一個歪歪扭扭的土灶,一口裂了縫卻倔強續命的大鐵鍋,幾個豁口豁得能當暗器的陶碗瓦罐,角落裏堆着幾把蔫得打卷的野菜,外加幾個皺巴巴、活像受盡委屈的蘿卜。

米缸倒是給面子,沒徹底擺爛,底下鋪着薄薄一層糙米,估摸着也就夠煮兩頓能照見人影的稀粥。

這配置,比她前世後廚堆洗潔精的儲物間還寒酸。

但咱廚神怕過嗎?不存在的。

真正的頂流廚神,就得敢於直面摳搜的食材,敢於正視比臉還淨的調料架!

蘇小小擼起那身寬得能裝下兩個她的紅嫁衣袖子,露出兩截細胳膊,手腕卻很穩健。

先麻利地生了火,雖然這土灶用着憋屈,火候難控,但她蘇小小什麼場面沒見過?

稍微適應了一下,便已控自如。

她舀出小半碗糙米,淘洗淨丟進鍋,譁譁加了大半鍋水——這架勢,顯然不是煮飯,是熬粥。

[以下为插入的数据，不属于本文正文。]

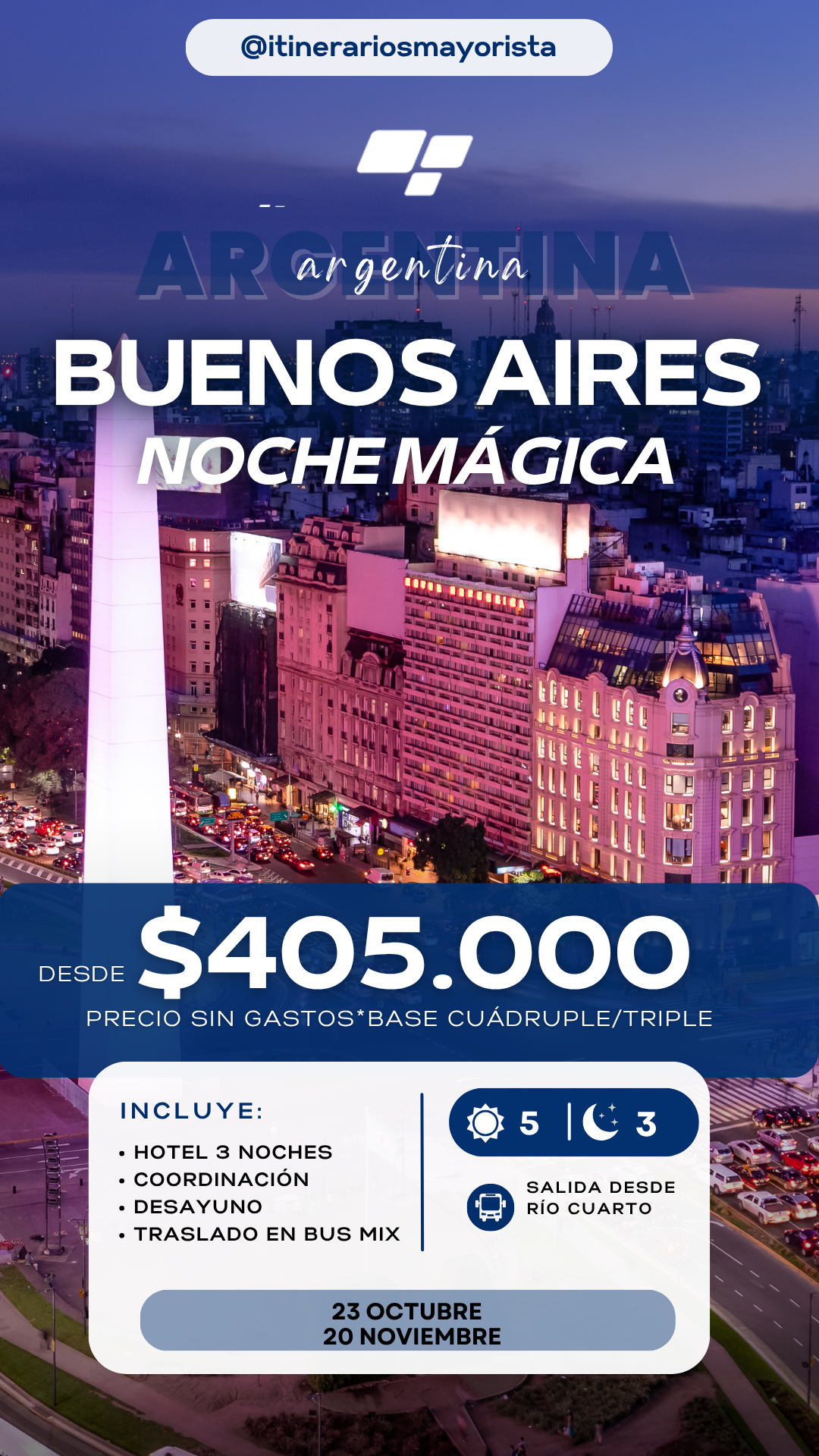 Este circuito es ideal para quienes quieren realizar una visita a los puntos más importantes de la ciudad, y conectar con la cultura clásica de la capital, junto a únicas excursiones durante los atardeceres de La Capital. Además, gracias a nuestros excelentes hoteles, ubicados en pleno corazón de la ciudad, y a metros del Obelisco y Calle Corrientes, nuestros pasajeros podrán recorrer una de las zonas más diversas de Buenos Aires; teatros, restaurantes típicos, tiendas y mucho más!

但僅僅是粥,可填不飽兩個飢腸轆轆的成年人的肚子,尤其是其中一個還是急需營養的傷員。

目光掃過野菜和蘿卜,蘇小小腦子裏瞬間蹦出菜譜。

野菜擇洗淨,蘿卜削掉爛乎乎的部分,切成細細的絲。

沒肉沒油,咋提香?

她眼神一掃,落在灶台一個小瓦罐裏僅存的那點豬油上,真是比黃金還珍貴。

她用筷子蘸了蘸,小心翼翼在鍋底抹了一圈,豬油化開的瞬間,那股子葷香直往鼻子裏鑽,魂兒都快勾走了。

“刺啦!”蘿卜絲下鍋,高溫一激,清甜香混着豬油香,瞬間把廚房的窮酸氣沖得煙消雲散。

蘿卜絲炒軟出汁,撥到一邊,野菜也扔進去,借着餘油快速扒拉幾下,澀味立馬跑光光。

然後舀一大勺熬得白的米湯倒進去,咕嘟咕嘟一起煮。

這邊忙活着,她還沒忘灶膛裏的餘溫,摸出兩個還算完好的土豆,洗淨直接埋進柴火灰裏——最原始的烤法,才能把土豆的香甜鎖得死死的。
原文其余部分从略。